Sie können also niemals Daten als normalverteilt betrachten, und Sie können niemals den Prozess, der die Daten erzeugt hat, als einen genau normalverteilten Prozess betrachten. Wie Glen_b angedeutet hat, spielt es jedoch möglicherweise keine große Rolle, je nachdem, was Sie mit den Daten versuchen.
Mithilfe von Skewness- und Kurtosis-Statistiken können Sie bestimmte Arten von Abweichungen von der Normalität Ihres Datengenerierungsprozesses beurteilen. Es handelt sich jedoch um sehr variable Statistiken. Die oben angegebenen Standardfehler sind nicht nützlich, da sie nur unter Normalität gültig sind, was bedeutet, dass sie nur als Test für Normalität nützlich sind, eine im Wesentlichen nutzlose Übung. Es wäre besser, den Bootstrap zu verwenden, um Se's zu finden, obwohl große Samples benötigt würden, um genaue Se's zu erhalten.

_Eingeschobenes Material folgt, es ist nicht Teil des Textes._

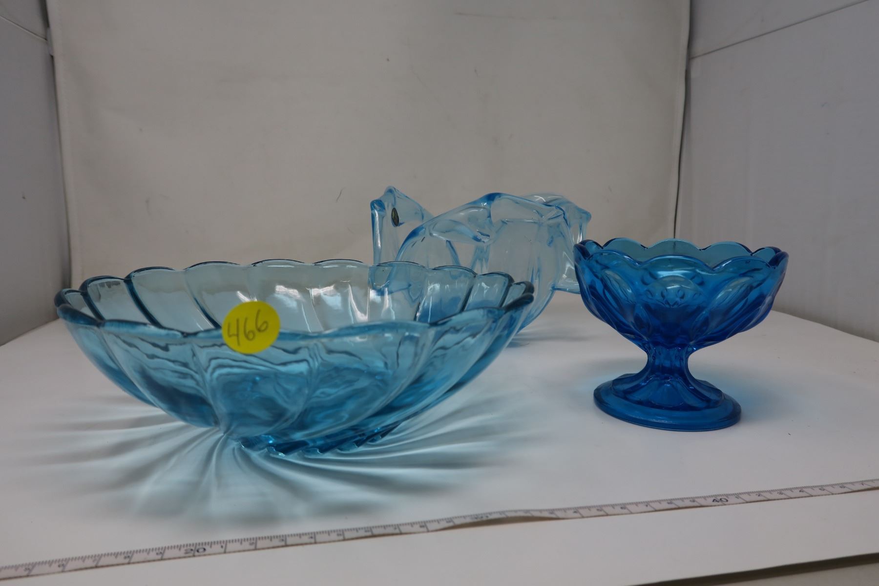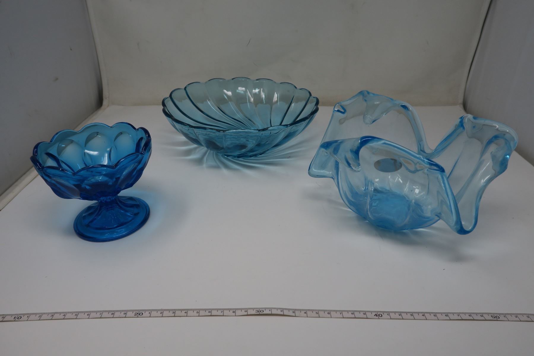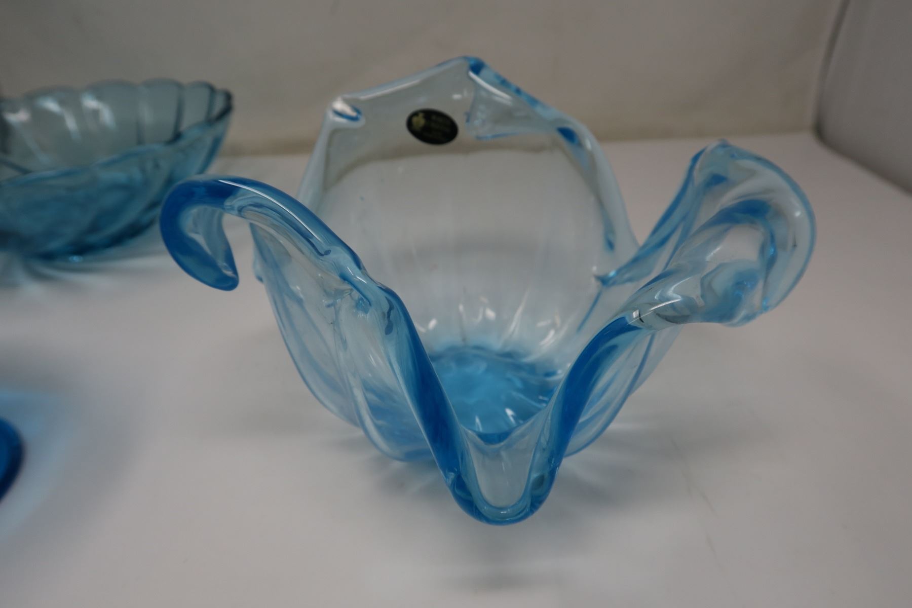 3 x Blue Glass Pieces, 1 Made in Italy, 1 Blu Capri Seashell Serving Dish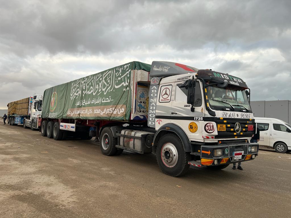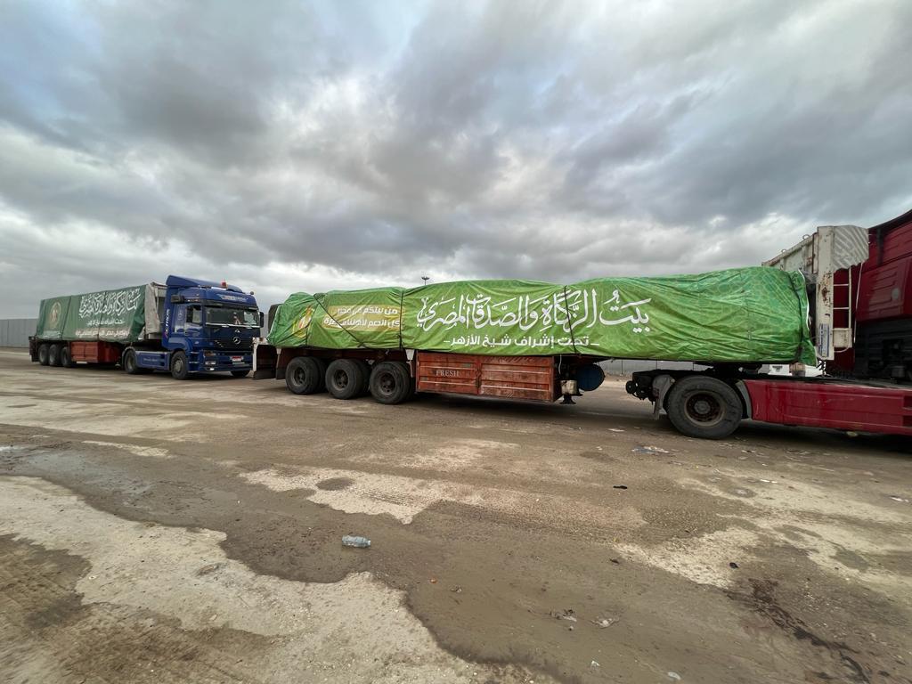 بتوجيهات شيخ الأزهر، القافلة الثالثة لبيت الزكاة تعبر ميناء رفح البري دعمًا لغزة (صور)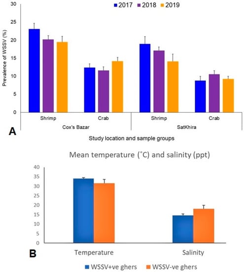 Prevalence of WSSV in Bangladesh. (A). The overall prevalence of WSSV in shrimp and crabs in two different regions (Cox’s Bazar and Satkhira) of Bangladesh during 2017–2019. (B) Mean temperature and salinity of shrimp ghers which differed significantly between WSSV+ve and WSSV-ve ghers.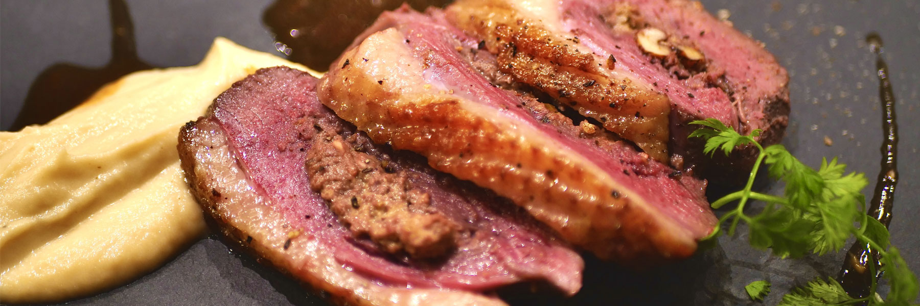 Faire chauffer la mousseline et la déposer en virgule dans une assiette. Déposer des tranches de magret à cheval et verser un cordon de jus.

Außerdem ist Kurtosis im Gegensatz zum obigen Beitrag sehr leicht zu interpretieren. Dies ist der Durchschnitt (oder der erwartete Wert) der Z-Werte, jeweils mit der vierten Potenz. Groß | Z | Werte sind Ausreißer und tragen stark zur Kurtosis bei. Klein | Z | Werte, bei denen der "Peak" der Verteilung ist, ergeben Z ^ 4 -Werte, die winzig sind und im Wesentlichen nichts zur Kurtosis beitragen. Ich habe in meinem Artikel https://www.ncbi.nlm.nih.gov/pmc/articles/PMC4321753/ bewiesen, dass die Kurtosis durch den Durchschnitt der Z ^ 4 * I (| Z |> 1) -Werte sehr gut angenähert wird. Daher misst Kurtosis die Neigung des Datenerzeugungsprozesses, Ausreißer zu erzeugen.